▸ Data for this task:
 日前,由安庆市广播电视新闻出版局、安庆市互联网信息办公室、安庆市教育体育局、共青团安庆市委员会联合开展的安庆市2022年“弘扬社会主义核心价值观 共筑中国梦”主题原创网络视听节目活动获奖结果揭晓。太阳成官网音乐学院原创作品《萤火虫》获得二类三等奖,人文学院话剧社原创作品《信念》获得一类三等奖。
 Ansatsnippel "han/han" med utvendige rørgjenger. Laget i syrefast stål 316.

...

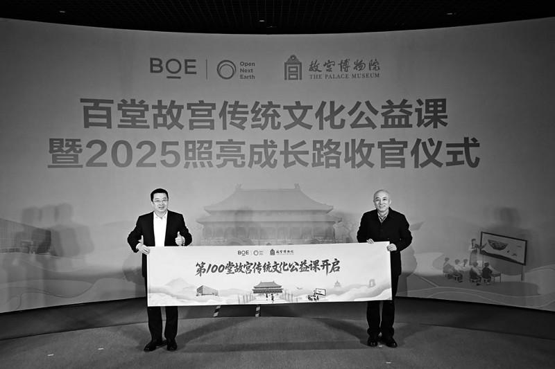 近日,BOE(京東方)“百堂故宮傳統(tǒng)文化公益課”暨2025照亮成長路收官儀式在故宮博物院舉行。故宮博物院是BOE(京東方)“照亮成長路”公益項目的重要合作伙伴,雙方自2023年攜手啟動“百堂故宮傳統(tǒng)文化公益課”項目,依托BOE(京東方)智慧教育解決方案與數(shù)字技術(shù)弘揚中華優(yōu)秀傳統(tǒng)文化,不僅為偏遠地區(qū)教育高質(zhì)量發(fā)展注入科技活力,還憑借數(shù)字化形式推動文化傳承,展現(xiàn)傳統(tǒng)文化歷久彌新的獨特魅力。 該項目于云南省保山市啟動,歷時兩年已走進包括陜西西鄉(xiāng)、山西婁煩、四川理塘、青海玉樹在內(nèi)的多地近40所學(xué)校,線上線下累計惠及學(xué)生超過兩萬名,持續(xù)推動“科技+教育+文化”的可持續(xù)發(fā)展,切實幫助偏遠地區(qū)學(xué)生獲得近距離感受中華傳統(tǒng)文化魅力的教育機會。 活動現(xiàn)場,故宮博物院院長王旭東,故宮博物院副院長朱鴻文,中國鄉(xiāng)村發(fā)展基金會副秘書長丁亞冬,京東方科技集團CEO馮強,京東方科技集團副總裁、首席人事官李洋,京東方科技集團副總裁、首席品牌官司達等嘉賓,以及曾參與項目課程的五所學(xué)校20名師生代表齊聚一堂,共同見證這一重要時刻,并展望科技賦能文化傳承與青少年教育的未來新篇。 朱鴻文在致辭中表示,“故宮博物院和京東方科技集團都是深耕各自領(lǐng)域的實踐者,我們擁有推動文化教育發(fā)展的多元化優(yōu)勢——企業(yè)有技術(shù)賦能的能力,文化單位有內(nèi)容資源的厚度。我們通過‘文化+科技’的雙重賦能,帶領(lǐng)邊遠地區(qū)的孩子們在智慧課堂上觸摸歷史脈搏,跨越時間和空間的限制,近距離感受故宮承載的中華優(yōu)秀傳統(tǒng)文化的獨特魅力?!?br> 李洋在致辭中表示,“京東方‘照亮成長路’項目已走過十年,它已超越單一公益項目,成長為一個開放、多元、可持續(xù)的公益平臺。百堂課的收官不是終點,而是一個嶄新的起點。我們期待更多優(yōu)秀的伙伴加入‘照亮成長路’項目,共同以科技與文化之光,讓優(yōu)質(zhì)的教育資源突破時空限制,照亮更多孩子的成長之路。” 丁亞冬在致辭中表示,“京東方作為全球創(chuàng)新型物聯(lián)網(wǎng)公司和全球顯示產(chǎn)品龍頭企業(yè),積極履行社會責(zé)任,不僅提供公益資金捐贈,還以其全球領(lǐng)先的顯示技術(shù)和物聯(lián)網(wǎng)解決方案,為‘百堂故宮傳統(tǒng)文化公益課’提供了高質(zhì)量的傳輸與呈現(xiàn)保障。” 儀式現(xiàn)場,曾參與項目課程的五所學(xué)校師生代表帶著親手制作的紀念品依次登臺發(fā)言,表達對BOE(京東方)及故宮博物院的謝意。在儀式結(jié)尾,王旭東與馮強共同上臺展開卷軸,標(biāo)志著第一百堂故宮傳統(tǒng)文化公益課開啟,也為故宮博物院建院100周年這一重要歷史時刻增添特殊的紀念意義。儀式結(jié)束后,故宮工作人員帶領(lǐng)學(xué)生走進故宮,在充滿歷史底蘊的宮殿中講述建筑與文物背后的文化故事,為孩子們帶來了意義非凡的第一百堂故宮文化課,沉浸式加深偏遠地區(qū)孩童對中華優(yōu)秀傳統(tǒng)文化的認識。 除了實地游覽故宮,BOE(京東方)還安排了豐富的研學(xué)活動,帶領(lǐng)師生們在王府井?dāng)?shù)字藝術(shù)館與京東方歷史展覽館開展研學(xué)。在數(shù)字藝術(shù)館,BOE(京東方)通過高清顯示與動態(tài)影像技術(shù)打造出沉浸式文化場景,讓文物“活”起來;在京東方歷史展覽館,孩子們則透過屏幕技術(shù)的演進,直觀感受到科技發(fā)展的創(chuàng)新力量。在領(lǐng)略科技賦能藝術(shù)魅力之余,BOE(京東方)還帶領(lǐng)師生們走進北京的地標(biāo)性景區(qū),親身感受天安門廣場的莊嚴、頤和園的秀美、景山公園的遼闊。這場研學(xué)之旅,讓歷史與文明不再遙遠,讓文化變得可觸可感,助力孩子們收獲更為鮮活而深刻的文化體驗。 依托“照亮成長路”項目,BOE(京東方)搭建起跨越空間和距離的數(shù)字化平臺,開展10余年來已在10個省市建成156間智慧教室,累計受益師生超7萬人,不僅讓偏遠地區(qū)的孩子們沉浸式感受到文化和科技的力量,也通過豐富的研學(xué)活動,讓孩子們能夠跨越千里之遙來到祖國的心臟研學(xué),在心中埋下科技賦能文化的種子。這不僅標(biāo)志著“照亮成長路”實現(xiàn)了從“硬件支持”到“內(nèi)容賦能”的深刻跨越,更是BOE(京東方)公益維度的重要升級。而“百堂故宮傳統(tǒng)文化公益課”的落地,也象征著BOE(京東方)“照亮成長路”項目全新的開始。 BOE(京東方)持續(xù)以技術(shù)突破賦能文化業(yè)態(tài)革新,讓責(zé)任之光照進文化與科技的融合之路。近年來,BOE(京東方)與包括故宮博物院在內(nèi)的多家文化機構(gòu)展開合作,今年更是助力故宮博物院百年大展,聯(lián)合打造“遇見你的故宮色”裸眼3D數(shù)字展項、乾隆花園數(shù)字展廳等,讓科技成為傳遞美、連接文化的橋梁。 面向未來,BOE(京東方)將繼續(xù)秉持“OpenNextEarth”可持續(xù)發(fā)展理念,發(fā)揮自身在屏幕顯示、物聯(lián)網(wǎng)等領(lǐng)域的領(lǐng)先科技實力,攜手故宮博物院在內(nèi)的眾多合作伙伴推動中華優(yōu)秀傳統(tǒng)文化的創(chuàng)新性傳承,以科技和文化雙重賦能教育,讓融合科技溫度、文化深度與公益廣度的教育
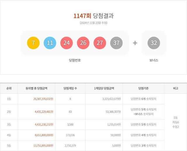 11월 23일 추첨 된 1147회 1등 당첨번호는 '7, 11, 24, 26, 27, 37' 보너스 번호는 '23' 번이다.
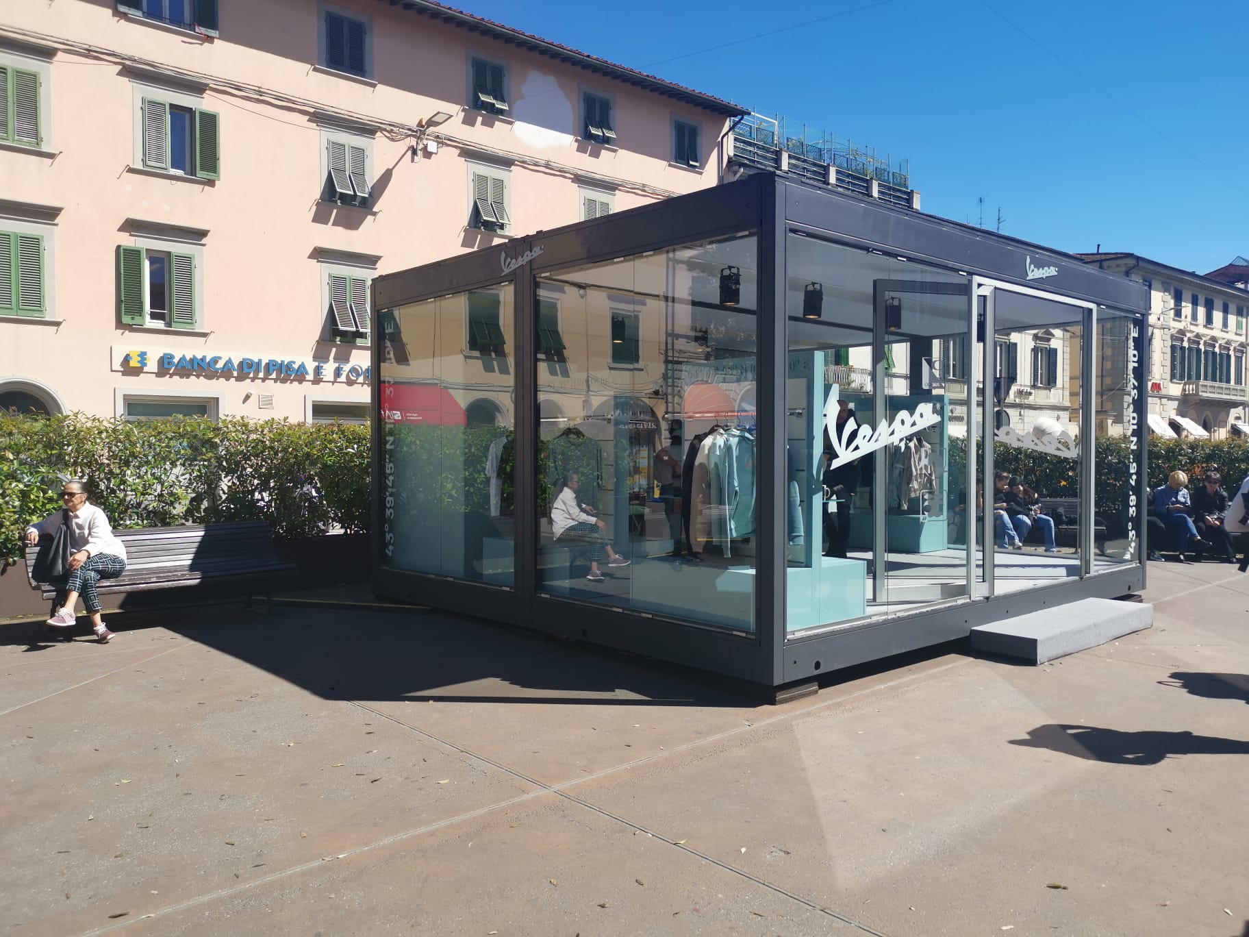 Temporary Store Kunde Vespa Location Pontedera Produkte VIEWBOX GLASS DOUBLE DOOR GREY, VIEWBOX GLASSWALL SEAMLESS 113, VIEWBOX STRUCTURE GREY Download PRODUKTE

▸ Your goal: The answer should consist only of the lines above from the one with "11월 23일 추첨 된" through the one with "Temporary Store Kunde", repeated exactly, with no pictures among them.

▸ Finished exercise:
 11월 23일 추첨 된 1147회 1등 당첨번호는 '7, 11, 24, 26, 27, 37' 보너스 번호는 '23' 번이다.
 Temporary Store Kunde Vespa Location Pontedera Produkte VIEWBOX GLASS DOUBLE DOOR GREY, VIEWBOX GLASSWALL SEAMLESS 113, VIEWBOX STRUCTURE GREY Download PRODUKTE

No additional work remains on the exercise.